▶ _What needs to be done_: Copy each entry below verbatim. Skip the pictures.

─── Material provided

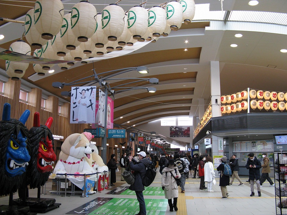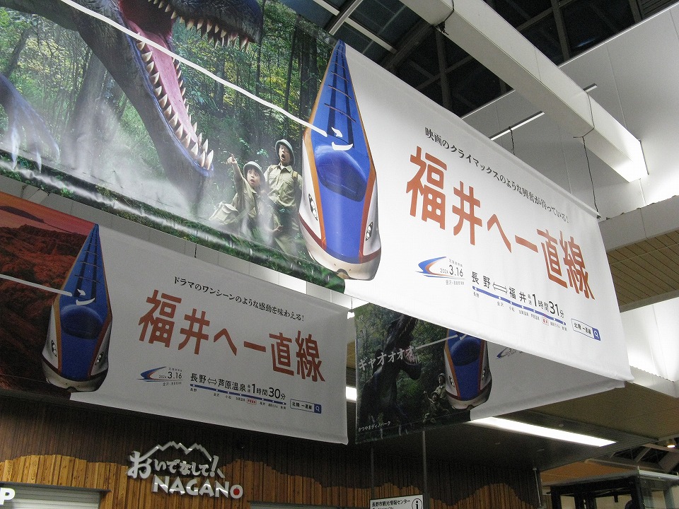 | 長野駅の改札を出たら、こんなのがぶら下がっていた。 北陸新幹線の敦賀開業まであと10日ほどだね。 山陰と絡めて乗りに行くよ。その様子はこちら(まだです。)。 |
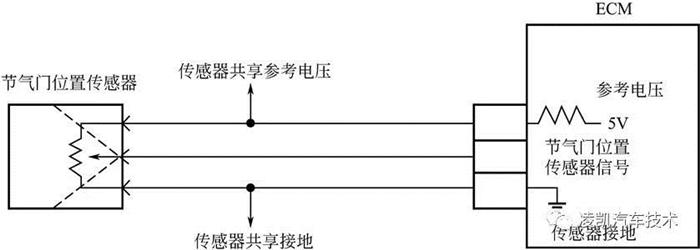 节气门关闭时,传感器输出电压降低;节气门打开时,传感器输出电压升高。ECM根据这些信号计算节气门开度,并控制节气门执行器来响应驾驶员输入。这些信号同时也用来计算空燃比修正值、功率提升修正值和燃油切断控制。
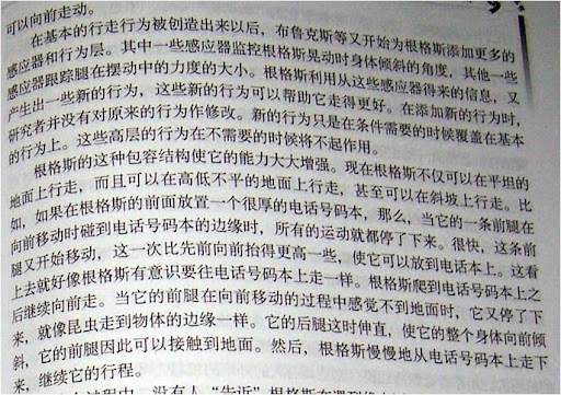 以在斜坡上行走。比如,如果在Genghis的前面放置一个很厚的电话号码本,那么,当它的一条前腿在向前移动时碰到电话号码本的边缘时,所有的运动就都
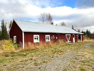 Äldre byggnad med förrådsdela Tidigare ladugårdsdel är idag inredd som enkel snickeri-/verkstadsdel.
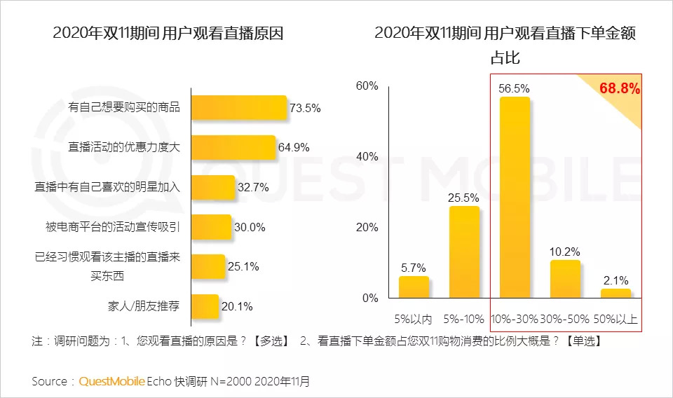 1.3 直播间商品与购物需求的相匹配以及优惠力度大是吸引用户观看直播的主要因素,近七成用户在观看直播下单金额占双11购物消费10%以上
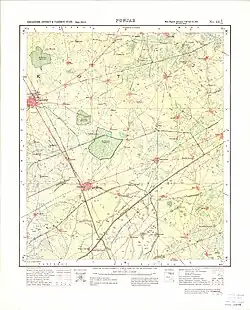 Under Pahar Singh of Faridkot State, the jungles that surrounded Faridkot were deforested to clear the land for development.[9] During the Green Revolution, large tracts of jungles were cut-down in the state to make room for agriculture and forested areas were also cleared for road infrastructure and residential homes.[8] Various NGOs are working towards afforestation and reforestation of the state by launching educational drives, planting saplings, working towards regulatory changes, and pressuring organisations to follow environmental laws.[8] One NGO, EcoSikh, has planted over 100 forests, composed of native plant species, in the state using the Japanese Miyawaki methodology that are named 'Guru Nanak Sacred Forests'.[10][11][12] Native plant species are facing the risk of extirpation from the state but planting mini-forests throughout the land can help prevent this from occurring.[13] Prior to the Green Revolution, Butea monosperma (known as 'dhak' in Punjabi) trees were found in abundance in the state.[14]
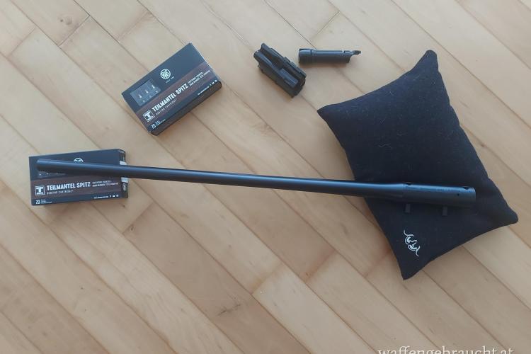 1.) Blaser R8 Austauschlauf, Kaliber .222 Rem., Ausführung Standard (Ø17mm u. 580mm) mit Mündungsgewinde M15x1 inkl. Abdeckkappe, mit Magazineinsatz, Beschuss 2025, ca. 20 Schuss „alt“ (RWS TMS 3,2g/50grain), neuwertiger Zustand sowie
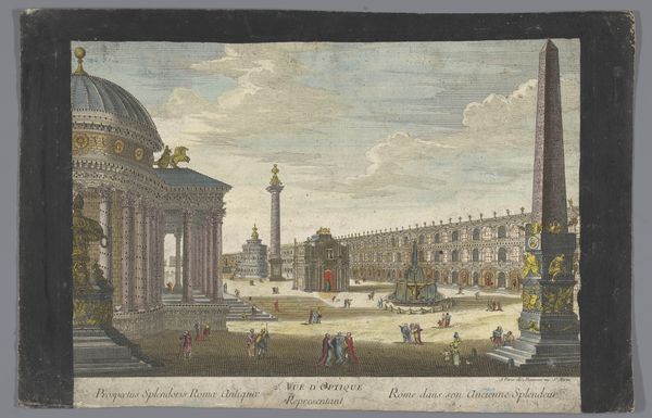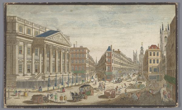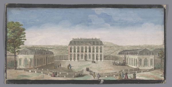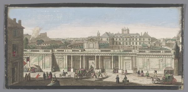 Curator: The opulence just shouts, doesn't it? I'm instantly drawn to the light, almost shimmering quality of the watercolor. Editor: Absolutely. Let’s orient our listeners. This piece, “Gezicht op Hôôtel de Soubise te Parijs," which translates to "View of the Hôtel de Soubise in Paris,” is an 18th-century work currently residing at the Rijksmuseum. Its origins are unknown, making the question of who created it all the more intriguing. We know it employs a mixture of media: drawing, colored pencil, watercolor, and print techniques all combined. It’s pure Rococo, a stage set for aristocracy. Curator: Yes! The colours are so light, like spun sugar. And that theatrical quality… the way the building is presented, almost like a grand reveal. The artist—even though we don't know who it is—has managed to capture a fleeting moment of powdered-wig elegance, wouldn't you agree? Editor: Elegance built upon structures of deep inequality. That's what strikes me most. The meticulous rendering of the Hôtel de Soubise is a celebration of power and privilege. The architectural details, highlighted by those delicate colors, showcase the grandeur enjoyed by a select few during the era, a vision upheld and made possible through labor rendered invisible in plain sight, outside of the picture's border. Curator: True, it’s easy to get lost in the aesthetic pleasure without thinking about the wider context. It’s like a perfectly iced cake with a slightly bitter aftertaste. I mean, I love a good cityscape and here you see everyday activities amidst the grandeur—carriages arriving, people strolling. There’s even a little dog. It almost domesticates the monumental, though unsuccessfully. Editor: Exactly. The seemingly casual inclusion of everyday life doesn’t quite neutralize the statement of power embodied in the architecture. It's Rococo propaganda. I find it a testament to the importance of continuously critiquing not just the images, but the values and the structures they depict and endorse. It shows how visual media worked to define the sociopolitical landscape. Curator: Well, I’ll never look at powdered wigs in the same way again! But I'm still utterly charmed by its pastel prettiness, despite everything. The skill is undeniable. Editor: And perhaps that is its enduring power—to charm, even as we recognize the historical and social realities embedded within its delicate lines. Thank you for helping me consider that.
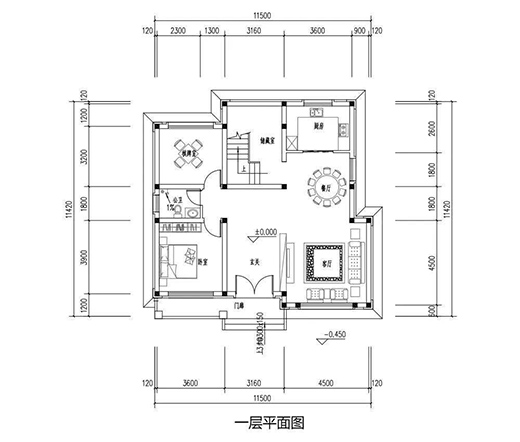 一層主要作為日常活動(dòng)區(qū)域,室內(nèi)布局合理清晰,進(jìn)門就是玄關(guān)、客廳和餐廳,顯得十分寬敞,一層只設(shè)置了一個(gè)臥室,可以保證其它功能區(qū)的面積,使得日常家居生活便捷舒適。
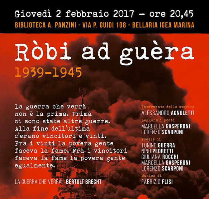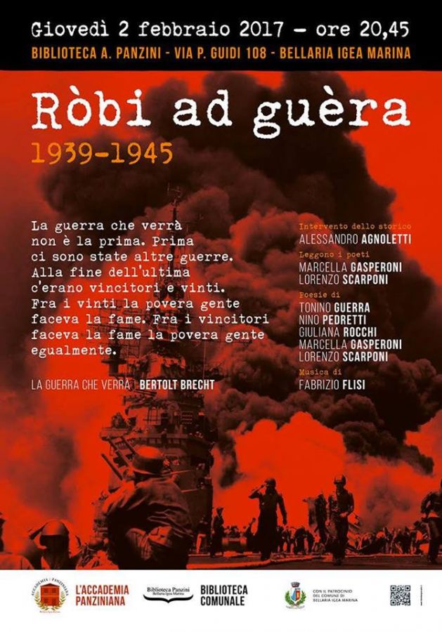 I poeti Marcella Gasperoni e Lorenzo Scarponi leggeranno le loro poesie della guerra e anche quelle di Tonino Guerra, Nino Pedretti, Giuliana Rocchi.

──────

▶ _Answer area_:
 | 長野駅の改札を出たら、こんなのがぶら下がっていた。 北陸新幹線の敦賀開業まであと10日ほどだね。 山陰と絡めて乗りに行くよ。その様子はこちら(まだです。)。 |
 节气门关闭时,传感器输出电压降低;节气门打开时,传感器输出电压升高。ECM根据这些信号计算节气门开度,并控制节气门执行器来响应驾驶员输入。这些信号同时也用来计算空燃比修正值、功率提升修正值和燃油切断控制。
 以在斜坡上行走。比如,如果在Genghis的前面放置一个很厚的电话号码本,那么,当它的一条前腿在向前移动时碰到电话号码本的边缘时,所有的运动就都
 Äldre byggnad med förrådsdela Tidigare ladugårdsdel är idag inredd som enkel snickeri-/verkstadsdel.
 1.3 直播间商品与购物需求的相匹配以及优惠力度大是吸引用户观看直播的主要因素,近七成用户在观看直播下单金额占双11购物消费10%以上
 Under Pahar Singh of Faridkot State, the jungles that surrounded Faridkot were deforested to clear the land for development.[9] During the Green Revolution, large tracts of jungles were cut-down in the state to make room for agriculture and forested areas were also cleared for road infrastructure and residential homes.[8] Various NGOs are working towards afforestation and reforestation of the state by launching educational drives, planting saplings, working towards regulatory changes, and pressuring organisations to follow environmental laws.[8] One NGO, EcoSikh, has planted over 100 forests, composed of native plant species, in the state using the Japanese Miyawaki methodology that are named 'Guru Nanak Sacred Forests'.[10][11][12] Native plant species are facing the risk of extirpation from the state but planting mini-forests throughout the land can help prevent this from occurring.[13] Prior to the Green Revolution, Butea monosperma (known as 'dhak' in Punjabi) trees were found in abundance in the state.[14]
 1.) Blaser R8 Austauschlauf, Kaliber .222 Rem., Ausführung Standard (Ø17mm u. 580mm) mit Mündungsgewinde M15x1 inkl. Abdeckkappe, mit Magazineinsatz, Beschuss 2025, ca. 20 Schuss „alt“ (RWS TMS 3,2g/50grain), neuwertiger Zustand sowie
 Curator: The opulence just shouts, doesn't it? I'm instantly drawn to the light, almost shimmering quality of the watercolor. Editor: Absolutely. Let’s orient our listeners. This piece, “Gezicht op Hôôtel de Soubise te Parijs," which translates to "View of the Hôtel de Soubise in Paris,” is an 18th-century work currently residing at the Rijksmuseum. Its origins are unknown, making the question of who created it all the more intriguing. We know it employs a mixture of media: drawing, colored pencil, watercolor, and print techniques all combined. It’s pure Rococo, a stage set for aristocracy. Curator: Yes! The colours are so light, like spun sugar. And that theatrical quality… the way the building is presented, almost like a grand reveal. The artist—even though we don't know who it is—has managed to capture a fleeting moment of powdered-wig elegance, wouldn't you agree? Editor: Elegance built upon structures of deep inequality. That's what strikes me most. The meticulous rendering of the Hôtel de Soubise is a celebration of power and privilege. The architectural details, highlighted by those delicate colors, showcase the grandeur enjoyed by a select few during the era, a vision upheld and made possible through labor rendered invisible in plain sight, outside of the picture's border. Curator: True, it’s easy to get lost in the aesthetic pleasure without thinking about the wider context. It’s like a perfectly iced cake with a slightly bitter aftertaste. I mean, I love a good cityscape and here you see everyday activities amidst the grandeur—carriages arriving, people strolling. There’s even a little dog. It almost domesticates the monumental, though unsuccessfully. Editor: Exactly. The seemingly casual inclusion of everyday life doesn’t quite neutralize the statement of power embodied in the architecture. It's Rococo propaganda. I find it a testament to the importance of continuously critiquing not just the images, but the values and the structures they depict and endorse. It shows how visual media worked to define the sociopolitical landscape. Curator: Well, I’ll never look at powdered wigs in the same way again! But I'm still utterly charmed by its pastel prettiness, despite everything. The skill is undeniable. Editor: And perhaps that is its enduring power—to charm, even as we recognize the historical and social realities embedded within its delicate lines. Thank you for helping me consider that.
 一層主要作為日常活動(dòng)區(qū)域,室內(nèi)布局合理清晰,進(jìn)門就是玄關(guān)、客廳和餐廳,顯得十分寬敞,一層只設(shè)置了一個(gè)臥室,可以保證其它功能區(qū)的面積,使得日常家居生活便捷舒適。
 I poeti Marcella Gasperoni e Lorenzo Scarponi leggeranno le loro poesie della guerra e anche quelle di Tonino Guerra, Nino Pedretti, Giuliana Rocchi.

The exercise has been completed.